What government, municipal, provincial or federal, has not looked longingly to selling off public companies as a fast way to some ready cash? The government can promise to do nothing but good with the money. The only problem is that once the asset is gone, there is no more revenue from it beyond its corporate taxes.

But there are exceptions. There are assets that can be sold off and improve their revenues to the government. It was hoped that the lotteries component of Ontario Lottery and Gaming (OLG) could be one of these assets. The objective of dealing through a service provider, is that the government would gain from the company’s creativity, experience and knowledge of the business. The government would still get most of the revenues generated but would share a reasonable operating profit with the purchaser.

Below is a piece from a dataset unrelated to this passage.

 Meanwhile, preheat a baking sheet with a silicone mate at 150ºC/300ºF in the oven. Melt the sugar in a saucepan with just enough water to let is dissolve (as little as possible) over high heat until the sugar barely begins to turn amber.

It is obvious that none of the three major companies bidding on the OLG operation was offering enough money to the government to make the deal worthwhile. The government lottery operations might not be as creative and aggressive as private enterprise but the government apparently still likes the return it is getting.

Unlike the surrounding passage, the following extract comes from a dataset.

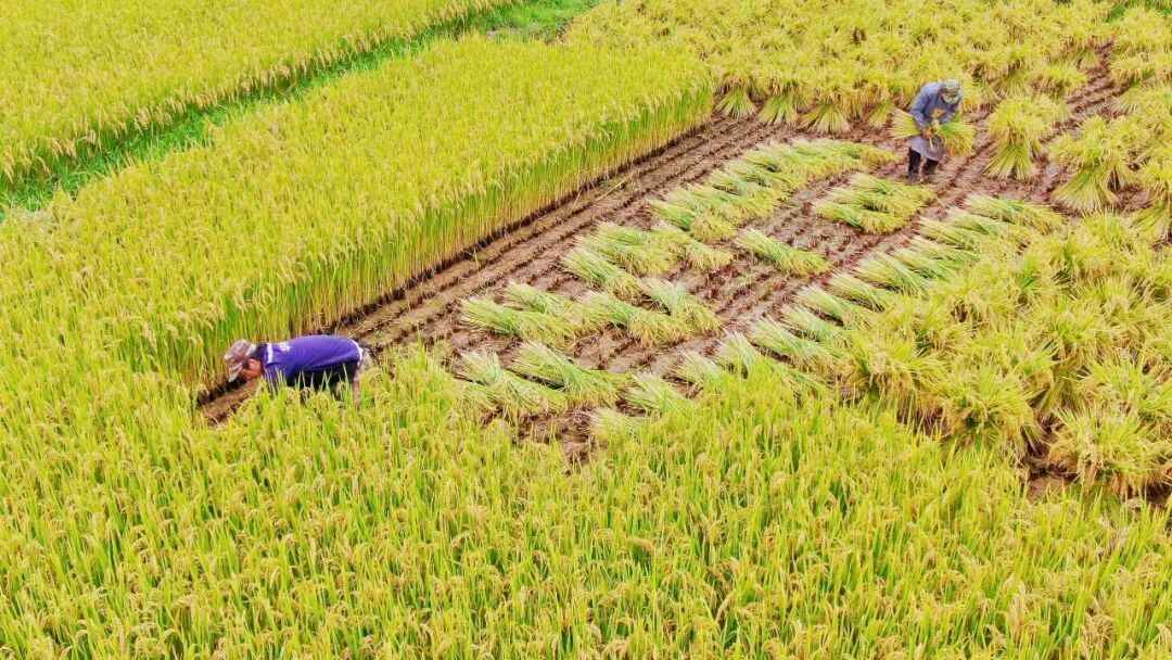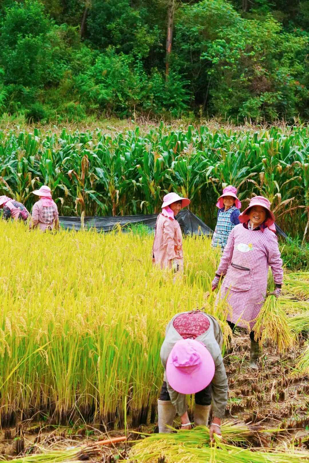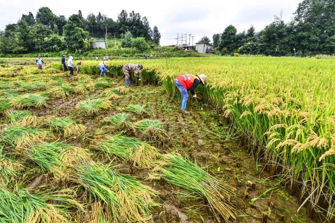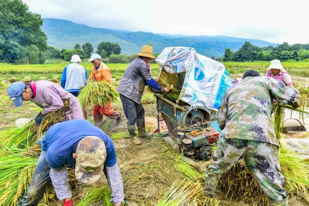 村民杨勋驾驶着小型水稻收割机来回穿梭在田间收割水稻,分外忙碌,稻农们头戴草帽,熟练挥舞着手中镰刀紧随其后,忙着装袋、捆绑、搬运……不一会儿,一块块稻田就被收割得干干净净。

This would not necessarily be the case if the Ontario government sold off the Liquor Control Board of Ontario (LCBO). It is obvious to any business analyst that the parts of the LCBO are worth far more than the whole. Private sector wine merchants are long overdue in Ontario and the government gets the licensing revenue as well as the alcohol taxes. Selling six packs of beer is a bludgeon to upgrade and improve Ontario convenience stores.

And if the LCBO is really the largest importer of wines in North America, that business could be worth more than all the stores combined. All it has to do is look outward beyond the province, instead of inward. It could become a giant in the business.

And there is a huge recycling business in the province that can be separated and stop interfering with how customers buy their beer.

But instead a smart sell-off the Ontario government wants to sell off some of Hydro One that is already infuriating customers across Ontario because of the electrical distribution operator’s sloppy billing practices. Premier Wynne hardly needs more of Ontario’s rural electricity users hating her.